Rifiuti, ad Alcamo servizio nuovo ma primi intoppi. Calendario dei ritiri che non sempre viene rispettato

Il servizio del nuovo gestore, l’ATI FL Mirto/Camedil subentrata ad Energeticambiente, non è partito ad Alcamo con il piede giusto. Già la convocazione anomala tramite whatsapp e senza visite mediche del personale aveva fatto storcere il muso. Poi il fatto che 18 lavoratori siano stati lasciati a casa e che quindi vadano verso il licenziamento e infine le condizioni di Alcamo Marina dove sempre notevoli sono i cumuli di immondizia e particolarmente alte le erbacce sui cigli delle strade.
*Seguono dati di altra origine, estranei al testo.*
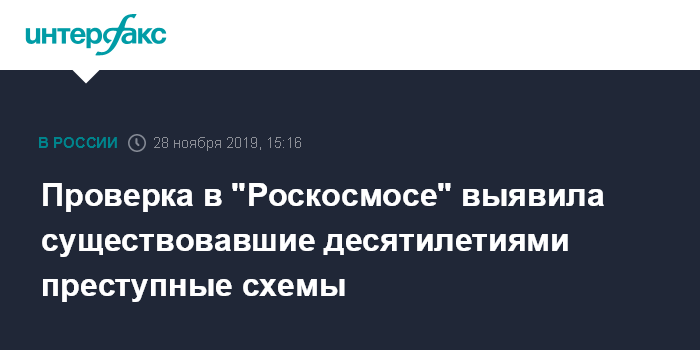 Проверка в "Роскосмосе" выявила существовавшие десятилетиями преступные схемы
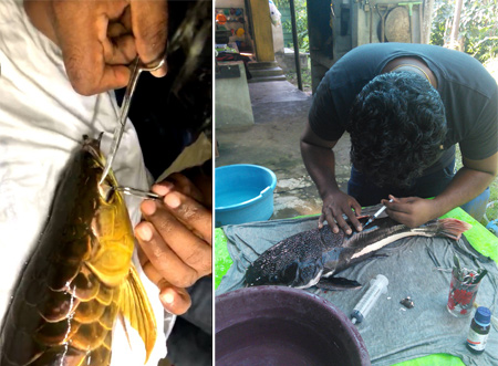 “මම මාසෙකට මාළුවන්ගේ සැත්කම් 10ක් 15ක් විතර කරනවා. මාතර, අම්පාර, අනුරාධපුර, හලාවත වගේ බොහෝ දුර පළාත්වලින් මට කතා කරනවා. මම ජංගම සේවාවක් සපයන්නේ. සැත්කම්වලට අවශ්ය උපකරණ, ඖෂධ වර්ග සියල්ලම බෑග් එකේ දාගෙන මම බස් එකේ යනවා. ඉස්සන් කොටුවල රෝග පැතිරුණාම මට එන්න කියලා උපදෙස් ගන්නවා. එක පාරක් විසිතුරු මසුන් ව්යාපාරයක් කරන කෙනකුගේ ලක්ෂ ගණන් වටිනා මාළුන්ට රෝගයක් වැලඳිලා. මාළු මැරි මැරී ගිහින්. මාළු සම්බන්ධ විශේෂ දැනුමක් තියෙන පිරිසකගෙන් ඒ ගැන අහපුවාම උපදෙස් දීලා තිබෙන්නේ ක්ලෝරින් දාලා මරන්න කියලා. ඒ පාර ඒ අය මාව හොයාගෙන ආවා. මම ගිහින් බලලා මාළුන්ට බෙහෙත් දැම්මා. මගේ බෙහෙතින් මාළු ටික සනීප වුණා. මැරුවා නම් අපරාදේ. ලක්ෂ ගණන් වටිනා මාළු.”

Adesso giungono anche le lamentele dei cittadini. In primis qualcuno lamenta che la nuova ditta non ha diposizioni mezzi di piccole dimensioni in grado di passare dalle strette vie alcamesi senza costringere i residenti a spostare le loro autovetture lasciate in sosta davanti casa. I mezzi di cui dispone la FL Mirto sono certamente nuovi ma di dimensioni troppo elevate. Altra segnalazione, certamente più grave della precedente, è quella del mancato rispetto del nuovo calendario di esposizione dei rifiuti. L’organico esposto lunedì, ad esempio, in alcune zone è stato raccolto dagli operatori soltanto martedì. La plastica che, da calendario, dovrebbe essere conferita al giovedì è rimasta in strada. Qualcosa non funziona nemmeno negli orari in cui gli operatori riescono a prelevare i sacchetti.

La prima settimana di qualsiasi servizio può essere considerata di prova, una sorta di ‘noviziato’, ma una riflessione va comunque fatta. Dopo le tante proroghe alla Energeticambiente non si poteva rinviare di un’altra decina di giorni il subentro della ditta che ha vinto l’appalto-ponte? Si sarebbero evitate convocazioni del personale e firme dei contratti in appena 12 ore, dubbi sul futuro dell’appalto visto che il TAR, sull’interdittiva antimafia alla ditta sancipirellese, si è espresso a contratto già avviato e mancato rispetto del nuovo calendario di raccolta, anche questo comunicato in extremis e senza alcuna campagna promozionale.